Chapter 7 is the first of three chapters that begins section 3 on the topic of Google. In it, Sweet demonstrates the ultimate difference between how a Googler and Gutenberger responds to information. The latter has tended to focus on information as facts to be attained with sometimes little practical import. While Googlers, who have instant access to a vast array of information from all over the world, far more than ever before, emphasize not the power of information as an abstract category, but power with purpose. That is, they focus on the usefulness and possibilities that information presents. Their ability to adapt to constant change (“For Googlers, change is life” – pg. 92), coupled with their access to global knowledge, makes them the great hope for the world, as visionaries and agents of change for good. For Googlers, information is doing, and abstraction is being replaced with action. Doesn’t this seem to reflect Jesus’ style and purpose of communicating?

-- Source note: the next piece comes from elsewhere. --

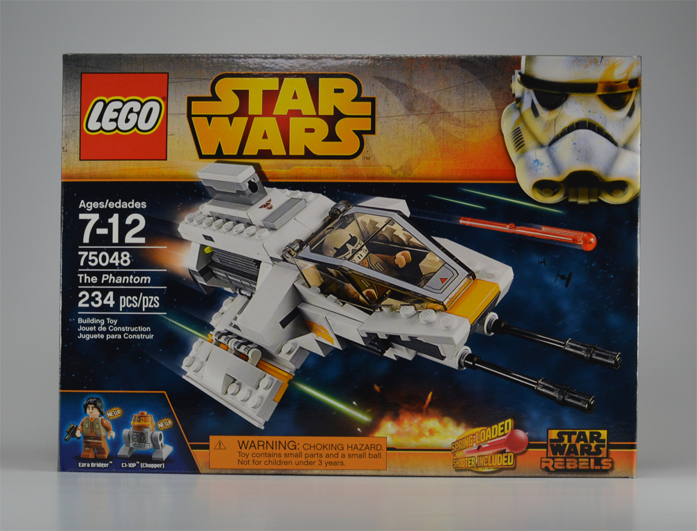 Join the Rebel resistance against the evil Empire in The Phantom attack shuttle, as seen in the exciting Star Wars: Rebels animated TV series! Place young Rebel hero Ezra Bridger™ in the detachable cockpit and store his cadet helmet and blaster in the cargo hold. Fit Ezra’s Droid companion, C1-10P™, in the back, close the roof, unfold the wings for flight mode and launch into battle. Fire the 2-way spring-loaded shooter to repel attacks from the front or the rear. Includes an Ezra Bridger™ minifigure with a weapon and accessory, plus a C1-10P™ (Chopper) figure.

Yet, as important as words are to the TGIF generation (they do, after all, text on an almost constant basis), their methods of communication and learning don’t end with words. Have you ever heard the phrase, “A picture is worth a thousand words”? All Googlers may not be familiar with the it, but they certainly do believe and utilize the truth value within it. In fact, text and image hold equal significance. However, rather than viewing images in abstraction, they look for the usefulness within it. They ask questions like – What does this picture communicate? What other images come to mind when you see it? What value does this image have for life? What impact does it elicit?
For example, what does this picture mean to you? What lessons have we learned from it? What stories emerge from it?

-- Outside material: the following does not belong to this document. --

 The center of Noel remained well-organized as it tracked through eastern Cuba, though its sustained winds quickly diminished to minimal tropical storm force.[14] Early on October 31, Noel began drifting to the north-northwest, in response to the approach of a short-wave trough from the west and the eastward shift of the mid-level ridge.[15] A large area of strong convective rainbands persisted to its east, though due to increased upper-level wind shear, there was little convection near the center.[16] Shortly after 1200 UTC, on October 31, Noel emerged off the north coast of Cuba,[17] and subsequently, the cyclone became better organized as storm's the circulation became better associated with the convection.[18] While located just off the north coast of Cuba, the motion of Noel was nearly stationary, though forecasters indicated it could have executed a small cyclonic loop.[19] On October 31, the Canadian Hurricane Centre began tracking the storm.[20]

So it is with the Googler generation. Pictures, images, sculptures, and paintings all have the power of communication. They can be highly emotive, like the frame above, and bring with it not only a flood of information, but also life lessons that bring positive change. It is a sermon without words.
Googlers are a contemporary version of an ancient picture-language culture like the Mayans. Each image tells a story with meaning, referencing the stories of the past. Here is a picture I took a few weeks ago during a visit to Chichen Itza, a Mayan site in the Yucatan peninsula of Mexico. Notice the use of image as a means of telling, and re-telling, a story with meaning.

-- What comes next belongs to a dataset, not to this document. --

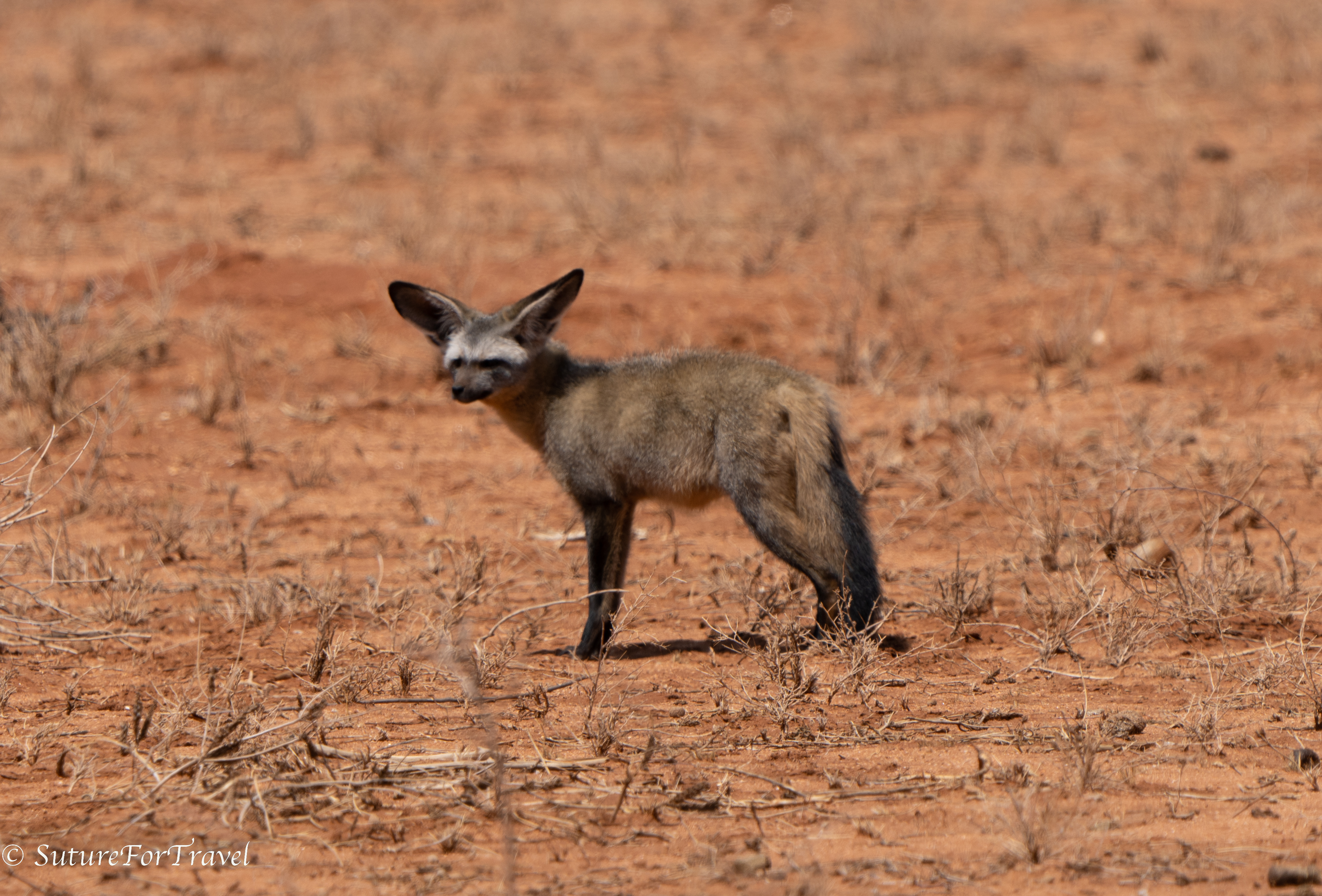 bat eared fox: Better picture today. Named for their big ears. These are small, nocturnal foxes that eat insects.

In this way, as Sweet contends, “storytelling links the premodern world with the TGIF culture, and vice versa. Image, metaphor, and paradox carried the day before the arrival of written language, and long before movable type.”
Through story, text and image, Googlers use the information superhighway as a means of communicating ideas that can change the world for good. As Sweet points out, this is not to say that they have “perfected the art,” but they can still be the conduits of positive progression and change.
For the Google generation, knowledge is power, but the power to change.